Building a Better Debugging Toolkit
After the incident, we made three changes to how we debug feature flag rollouts. These are not revolutionary — they're basic hygiene — but they would have caught this bug in staging.
- 1Log every flag evaluation decision: flag key, user ID (or anonymous identifier), rollout percentage, evaluated variant, and any fallback reason. Use structured logging (JSON) so you can query by flag key.
- 2Add a flag health check endpoint: each service exposes a /health/flag endpoint that returns the current evaluated state of active flags for a test user. Automated tests hit this endpoint after a rollout change to verify consistency across services.
- 3Use a canary with gradual ramp-up: automate the rollout in 1% increments with a 10-minute cooldown between steps. If error rates exceed a threshold, auto-rollback.
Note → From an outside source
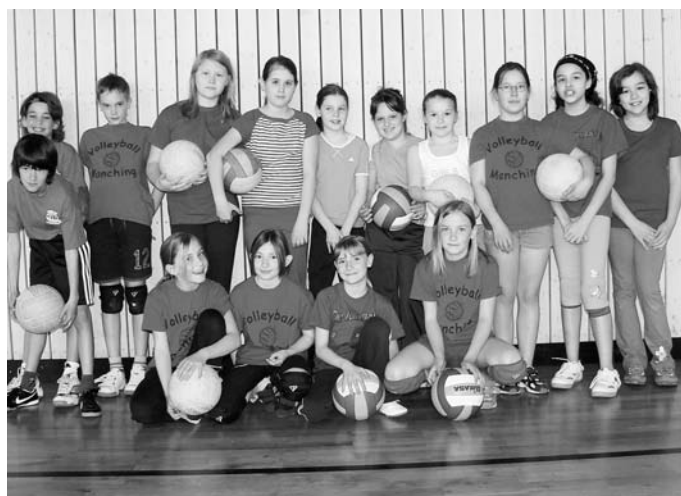
Die Spieler der MBB SG Manching beim Turnier in Stammham

// Example of logging a flag evaluation
function getFeatureFlag(flagKey, user, defaultValue = false) {
const start = Date.now();
let value, error;
try {
value = flagClient.variation(flagKey, user, defaultValue);
} catch (e) {
value = defaultValue;
error = e.message;
}
const duration = Date.now() - start;
logger.info({
event: 'flag_evaluation',
flagKey,
userId: user.key,
rolloutPercentage: flagClient.variationDetail(flagKey, user).reason?.percentage,
value,
defaultValue,
duration,
error
});
return value;
}Flag Drift Detection
Flag drift is when the same flag has different configurations across environments or services. We now run a daily cron job that queries the flag management API and compares the configurations across all our services and environments. If a flag is set to 100% in staging but 25% in production, we get an alert.
- arrow_rightCheck that the rollout percentage is consistent across services that evaluate the same flag.
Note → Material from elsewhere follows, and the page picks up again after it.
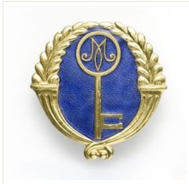
Kuva 3: Marttojen erikoisavain -rintamerkki (Martat 2013)

Ennen erikoisavainopintojen aloittamista tulee opiskelijalla olla suoritettuna III-taitoavain. Erikoisavainten ohjauksesta ja arvioinnista vastaavat Marttaliiton toimihenkilöt. Erikoisavaimen suorittaminen perustuu vapaaehtoistyöhön. Se on syvällisempää erikoistumista johonkin Marttajärjestön aiheeseen. Henkilökohtaisen opetussuunnitelman, perusopintojen, syventämisen ja toimintatapahtuman järjestämisen jälkeen tehdään osaamiskansio ja itsearvio. Kokonaisuudessaan erikoisavain on 20 opintopisteen arvoinen opintokokonaisuus. (Martat, 2013.)
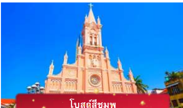
โบสถ์สีชมพู

ค่า บริการอาหารค่ำ ณ ภัตตาคาร พิเศษ ... เมนูบุฟเฟ่ต์ปิ้งย่าง ที่พัก MAGNOLIA HOTEL เทียบเท่าหรือระดับ 4 ดาวท้องถิ่น

- arrow_rightCheck that the flag's targeting rules are identical in staging and production.
- arrow_rightCheck that no service has a stale SDK version that might fall back to a different default.
What I Wish I Knew Before the Incident
A feature flag rollout is not a deployment. You can't revert it by rolling back a commit. You have to trace the flag's state across every service that evaluates it.
The Live-at-5 incident was a painful lesson. But it forced us to treat feature flags as first-class state in our system. Now, every flag rollout includes a pre-flight check that verifies flag consistency, a gradual canary ramp, and comprehensive logging. The next time a flag goes wrong, we'll know exactly where to look.
Frequently asked questions
How do I debug a feature flag that works in staging but fails in production?
Check for environment-specific flag configurations, stale caches, and differences in flag evaluation logic. Use structured logging to capture the flag key, target context, and evaluated result at each service boundary.
What is flag drift and how do I prevent it?
Flag drift occurs when the same flag has different values across environments (e.g., staging vs. production). Prevent it by using a single source of truth for flag definitions, automating environment synchronization, and adding drift detection alerts.
Should I log every feature flag evaluation in production?
Yes, but use sampled logging for high-traffic flags to avoid overwhelming your log system. At minimum, log all evaluations for flags involved in active rollouts. Include the flag key, user ID, rollout percentage, and evaluated variant.
What's the best way to test feature flag rollouts before going to production?
Run canary rollouts in production with a small percentage of traffic (e.g., 1%). Add automated flag health checks that verify the flag behaves as expected in the canary group. Use feature flag testing in staging with realistic traffic patterns.